Une remontée mémorable

En (presque) 33 ans de journalisme, il y a bien sûr eu des jours qui, par la force des choses, ont marqué davantage ma carrière. Le 28 mars 1999, il y a de cela exactement 19 ans aujourd’hui, est justement l’une de ces journées.

Ce jour-là, le Titan d’Acadie-Bathurst entame la deuxième ronde des séries éliminatoires au Metro Centre de Halifax – aujourd’hui le ScotiaBank Centre – face aux Mooseheads.

Les hommes de Roger Dejoie viennent d’éliminer les Screaming Eagles du Cap-Breton en cinq duels et ils ont espoir de servir la même médecine aux soldats de Robert Mongrain, qui pilotera les Aigles Bleus de l’Université de Moncton quelques années plus tard.

Ils sont pourtant plusieurs à croire que les Mooseheads ont d’excellentes chances de sortir les Guerriers du Nord. Et cela pour plusieurs raisons. D’abord parce que les Mooseheads ont la meilleure défensive du circuit et qu’ils sont frais et dispos après avoir profité d’un laissez-passer pour le premier tour éliminatoire.

Ensuite parce qu’ils n’ont rien à envier au Titan au point de vue talent offensif avec, entre autres, les Alex Tanguay, Ladislav Nagy et Brandon Reid comme chefs de file. Et c’est sans oublier leur big four défensif (Frédéric Bélanger, Jasmin Gélinas, Ali MacEachern, Jeffrey Sullivan) qui formait un solide mur devant le gardien Alexei Volkov.

Le dimanche 28 mars, donc, je suis présent pour assister à cette première partie. Je suis arrivé le jour même à bord de l’un des deux autobus de partisans qui ont fait le trajet vers la capitale néo-écossaise.
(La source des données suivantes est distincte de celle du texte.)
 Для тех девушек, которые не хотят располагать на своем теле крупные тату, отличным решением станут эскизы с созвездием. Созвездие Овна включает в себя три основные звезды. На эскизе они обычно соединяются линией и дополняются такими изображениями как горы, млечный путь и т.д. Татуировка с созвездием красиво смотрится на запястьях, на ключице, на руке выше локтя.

Malgré un premier vingt à l’avantage du Titan, le pointage est de 2 à 2 lorsque les deux clubs retraitent au vestiaire. Jules-Edy Laraque et Alain Charbonneau ont marqué.

La deuxième période est toutefois une autre histoire. Roberto Luongo, dans l’un de ses rares matchs difficiles de ces séries, cède trois fois. Heureusement que Jonathan Girard et Mathieu Benoit ont enfilé l’aiguille parce que sinon ce n’est pas avec une priorité de 5 à 4 que les Mooseheads auraient entamé le dernier tiers.
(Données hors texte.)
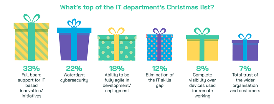 In the first instance, our survey looked to establish what organisations’ IT departments had on their respective Christmas lists. What – in a figurative sense – they would want under the tree, waiting to be unwrapped? Plus, how has this differed, if at all, from last year?

Malgré tout, Halifax parvient à augmenter son avance dès le début de la troisième par l’entremise de l’excellent Nagy.

Mais, alors qu’il ne reste qu’un peu plus de neuf minutes à écouler au tableau et que le Titan tire de l’arrière 6 à 4, Benoît, Marc Bouchard et Ramzi Abid décident de prendre les choses en main. Ils sont partout sur la glace. L’ambiance dans l’aréna est cacophonique. Les partisans du Titan, un peu plus d’une centaine, parviennent à se faire entendre parmi les 9426 spectateurs présents qui encouragent pourtant fortement les leurs.

Bouchard réduit d’abord l’écart à 10:59. Le reste de la période s’annonce épique. Avec seulement 34 secondes à écouler, Benoît y va de son deuxième but pour forcer la prolongation. C’est la folie au banc du Titan.

Puis, le momentum désormais de son côté, le premier trio complète le travail dès la 27e seconde de la prolongation. Benoît, qui d’autre, vient compléter son tour du chapeau en capitalisant sur une passe de François Beauchemin.

Du haut des gradins, j’ai beau vouloir rester neutre devant mon petit (et désuet) portable Tandy, j’ai la patate qui me débat drôlement pendant que je complète mon compte-rendu de la partie. Je suis surtout conscient d’avoir vu un match palpitant dont je me souviendrai longtemps. La preuve, vous êtes en train de me lire.